Activity: Starting at the line that contains "Silicone Foam Dressing" and stopping at the line that contains "Perfectly preppy and", restate each line of the records below exactly. Omit the pictures.

Provided material:
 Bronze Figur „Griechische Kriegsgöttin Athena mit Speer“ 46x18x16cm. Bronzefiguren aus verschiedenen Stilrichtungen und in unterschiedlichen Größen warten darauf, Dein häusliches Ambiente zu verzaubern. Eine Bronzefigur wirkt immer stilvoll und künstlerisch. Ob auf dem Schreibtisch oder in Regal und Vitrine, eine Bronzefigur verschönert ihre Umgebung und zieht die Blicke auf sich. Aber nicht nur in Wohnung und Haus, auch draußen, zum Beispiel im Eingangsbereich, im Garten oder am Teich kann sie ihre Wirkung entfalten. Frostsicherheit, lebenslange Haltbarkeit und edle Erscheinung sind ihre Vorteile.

---

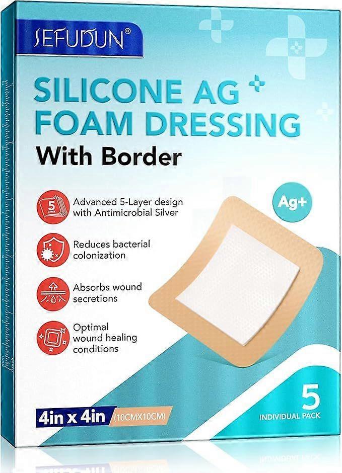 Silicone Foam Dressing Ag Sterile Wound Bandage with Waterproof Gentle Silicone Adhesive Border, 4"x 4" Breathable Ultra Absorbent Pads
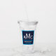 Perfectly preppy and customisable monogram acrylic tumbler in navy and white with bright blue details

Response to the task:
 Silicone Foam Dressing Ag Sterile Wound Bandage with Waterproof Gentle Silicone Adhesive Border, 4"x 4" Breathable Ultra Absorbent Pads
 Perfectly preppy and customisable monogram acrylic tumbler in navy and white with bright blue details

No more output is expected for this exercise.